## Your objective
The answer must reproduce the listing exactly, with every picture left out.

## Record extracts
------------------------

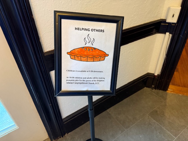 Families brought 20 meal kits to NHCC and, on Sunday, November 23, Director of Christian Education Wendy Donnell masterminded a pie-making activity in the church kitchen for about 20 children and parents, resulting in 12 freshly baked pumpkin pies.
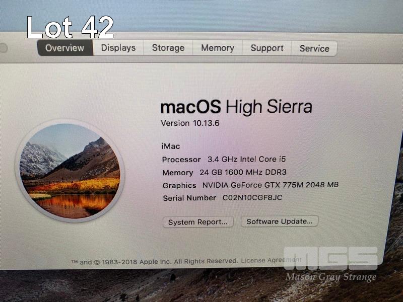 APPLE iMAC (A1419), CORE i5 4670 (4TH GEN) @ 3.4GHz, 24GB DDR3 RAM, 1TB SATA HDD, BUILT-IN 27" DISPLAY (2560x1440), 2GB NVIDIA GEFORCE GTX 776M VIDEO, Wi-Fi, MAC OS 10.13 INSTALLED (NO KEYBOARD, NO MOUSE) S/N:C02N10CGF8JC
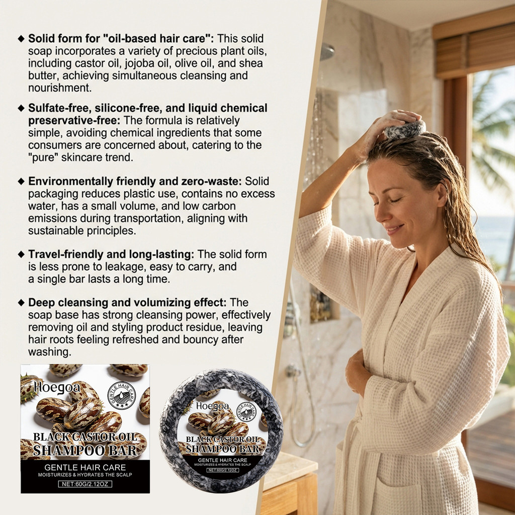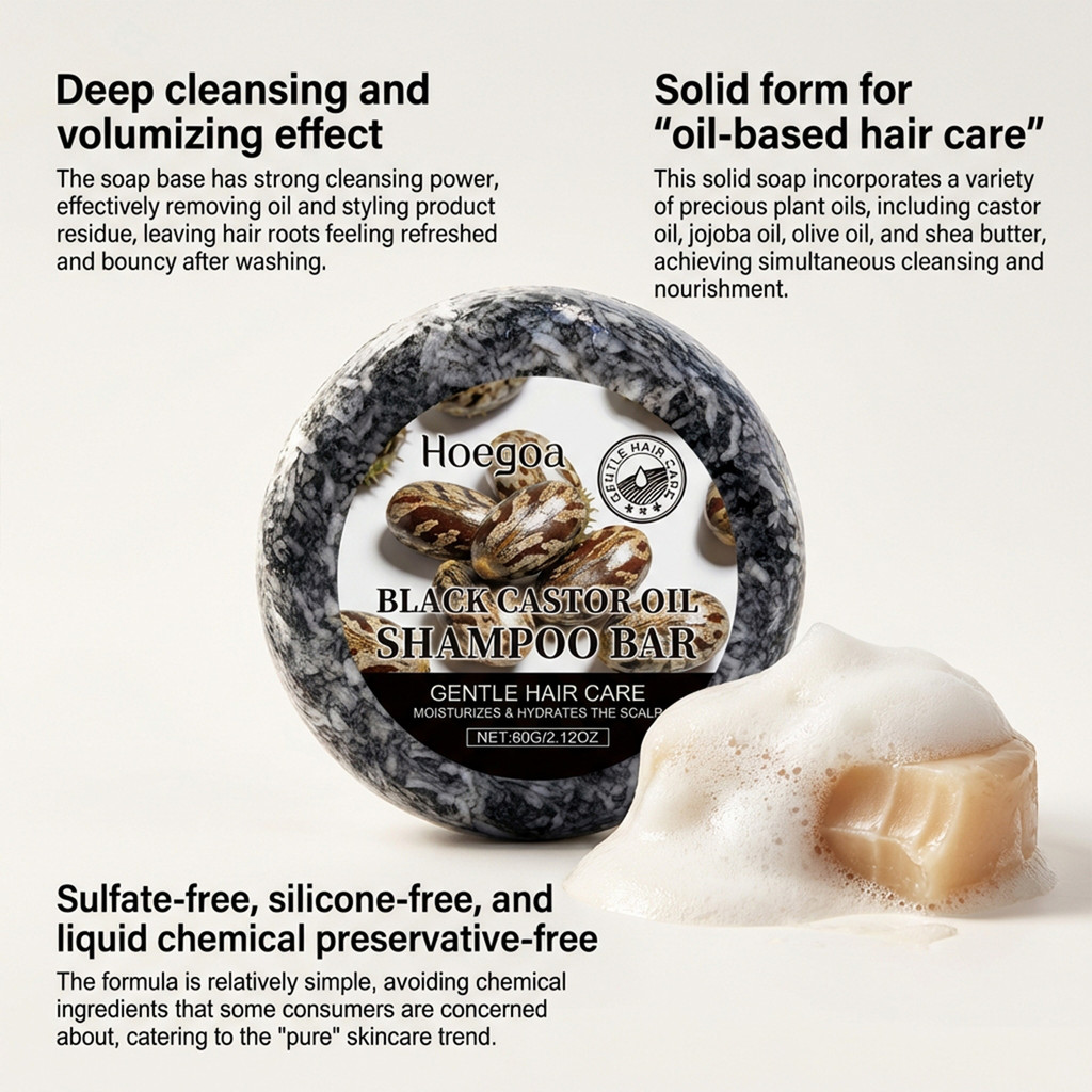 Dầu thầu dầu đen Thanh dầu gội nguyên khối 60g dành cho tóc xoăn khô Làm sạch nhẹ nhàng Dưỡng ẩm Hydrates Da đầu Làm mềm mịn Chăm sóc nuôi dưỡng tóc
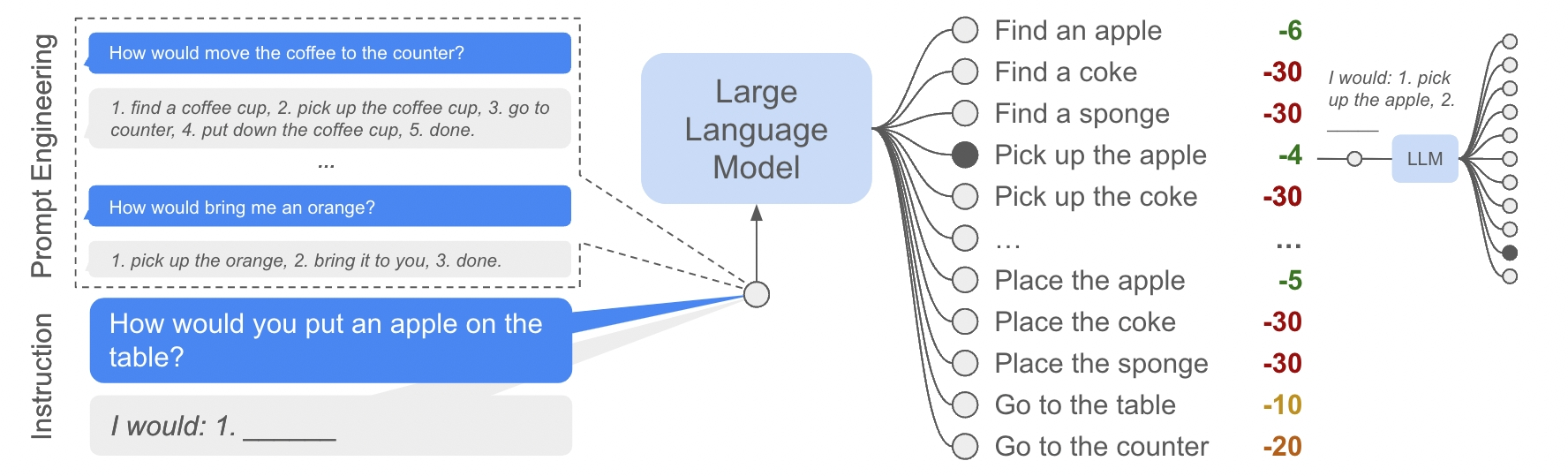 一个原始的LLM能够合理地响应我们给出的指令,但它不知道如何以机器人可以理解的方式,即低级技能序列作为响应。一种方法是依赖提示词工程,但这仍然无法对其输出进行严格的约束。为此,SayCan没有让LLM直接生成技能文本,而是为给定的文本计算可能性。
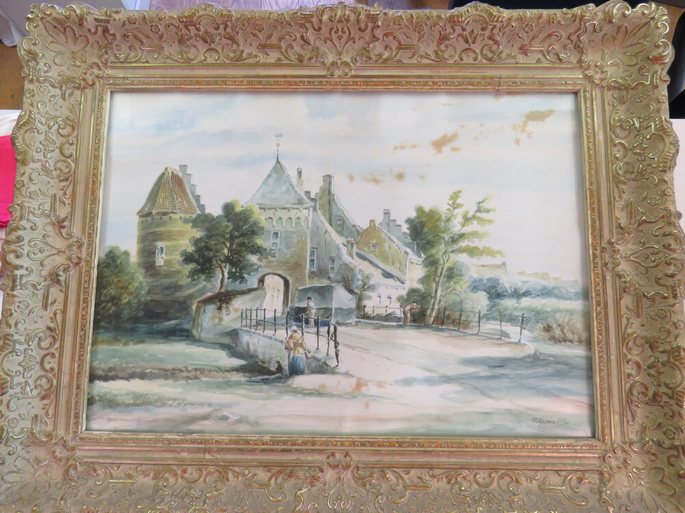 aquarel in lijst, voorstellende de Slot- of Fabrieks...
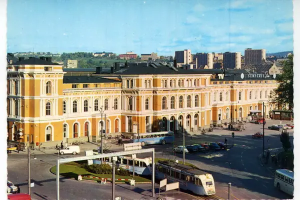 Østbanebygningen sett fra Strandgata og Christian Frederiks plass. Trikk, Gullfisktog i sløyfe, busser, biler. Blokkene på Enerhaugen og Tøyenhøyden i bakgrunnen. Postkort.
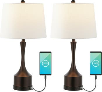 - Includes a linen-look hardback empirical shade and USB charging port for mobile devices
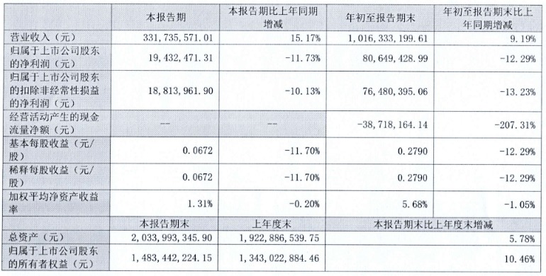 中证智能财讯富邦科技(300387)10月27日披露2025年第三季度报告。前三季度公司实现营业总收入10.16亿元,同比增长9.19%;归母净利润8064.94万元,同比下降12.29%;扣非净利润7648.04万元,同比下降13.23%;经营活动产生的现金流量净额为-3871.82万元,上年同期为3608.12万元;报告期内,富邦科技基本每股收益为0.279元,加权平均净资产收益率为5.68%。
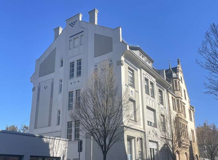 - zeittypischer Fassadendekor mit Friese, Kacheln und kassettierte Brüstungsfüllungen in Denkmalschutzzone

------------------------

## Exercise solution
 Families brought 20 meal kits to NHCC and, on Sunday, November 23, Director of Christian Education Wendy Donnell masterminded a pie-making activity in the church kitchen for about 20 children and parents, resulting in 12 freshly baked pumpkin pies.
 APPLE iMAC (A1419), CORE i5 4670 (4TH GEN) @ 3.4GHz, 24GB DDR3 RAM, 1TB SATA HDD, BUILT-IN 27" DISPLAY (2560x1440), 2GB NVIDIA GEFORCE GTX 776M VIDEO, Wi-Fi, MAC OS 10.13 INSTALLED (NO KEYBOARD, NO MOUSE) S/N:C02N10CGF8JC
 Dầu thầu dầu đen Thanh dầu gội nguyên khối 60g dành cho tóc xoăn khô Làm sạch nhẹ nhàng Dưỡng ẩm Hydrates Da đầu Làm mềm mịn Chăm sóc nuôi dưỡng tóc
 一个原始的LLM能够合理地响应我们给出的指令,但它不知道如何以机器人可以理解的方式,即低级技能序列作为响应。一种方法是依赖提示词工程,但这仍然无法对其输出进行严格的约束。为此,SayCan没有让LLM直接生成技能文本,而是为给定的文本计算可能性。
 aquarel in lijst, voorstellende de Slot- of Fabrieks...
 Østbanebygningen sett fra Strandgata og Christian Frederiks plass. Trikk, Gullfisktog i sløyfe, busser, biler. Blokkene på Enerhaugen og Tøyenhøyden i bakgrunnen. Postkort.
 - Includes a linen-look hardback empirical shade and USB charging port for mobile devices
 中证智能财讯富邦科技(300387)10月27日披露2025年第三季度报告。前三季度公司实现营业总收入10.16亿元,同比增长9.19%;归母净利润8064.94万元,同比下降12.29%;扣非净利润7648.04万元,同比下降13.23%;经营活动产生的现金流量净额为-3871.82万元,上年同期为3608.12万元;报告期内,富邦科技基本每股收益为0.279元,加权平均净资产收益率为5.68%。
 - zeittypischer Fassadendekor mit Friese, Kacheln und kassettierte Brüstungsfüllungen in Denkmalschutzzone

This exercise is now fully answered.